Оглядевшись, Всеволод подал знак к началу службы, а сам стал отыскивать взглядом Евпраксию. Церковь была маленькая, долго искать боярыню не пришлось.

Евпраксия стояла в первом ряду за преградой, недалеко от престола,– в темном сарафане, в надвинутом на лоб темном плате. Всеволод не смог разглядеть ее лица, но она почувствовала его взгляд и осторожно подняла глаза к полатям.

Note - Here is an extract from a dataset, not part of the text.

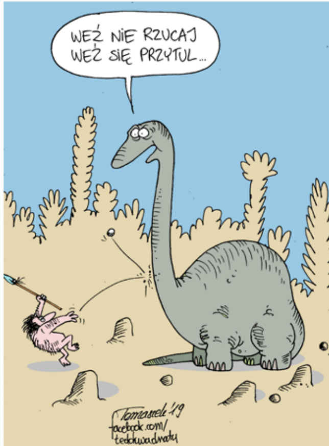
Fig. 1. A drawing inspired by Ewa Kopacz's comment on the fight which early humans fought against dinosaurs; the captions reads: Don't hurl at us, give us a hug!

The fact that information cocoons / filter bubbles influence our lives can be easily verified by following the political debate which is ongoing in many European countries – the convinced convince the convinced who look down on those who have been convinced to believe something else. This phenomenon also has an impact on other aspects of our lives: anti-vaxxers communicate only with fellow anti-vaxxers etc.

Дьячок в стихаре и ораре, перекинутом через плечо, зычно читал:

– Крест есть глава церкви, а муж жене своей, а мужам князь, а князем бог...

Воздух в церкви отяжелел от испарений, подымающихся от разгоряченных тел, настоялся запахом сала и воска. Дышалось трудно. Дьячок незаметно вытирал ладонью вспотевший лоб, пучил глаза и широко открывал рот. Но Всеволод не слышал его голоса. Голос уплывал в глубину церкви, глухо лепился к расписанным святыми ликами сводам и затихал под круглым отверстием купола. Люди крестились и кланялись. Крестился и кланялся Всеволод.

«Добро ли это,– думал он, глядя на Евпраксию.– Не грех ли, не блуд ли?»

Раньше такие мысли не беспокоили князя. Но теперь он почему-то вновь вспомнил Валену, вспомнил ее детское, розовое от волнения лицо, трепещущие крылья ноздрей. Лицо Валены манило князя к себе, но манило его к себе и смуглое лицо Евпраксии.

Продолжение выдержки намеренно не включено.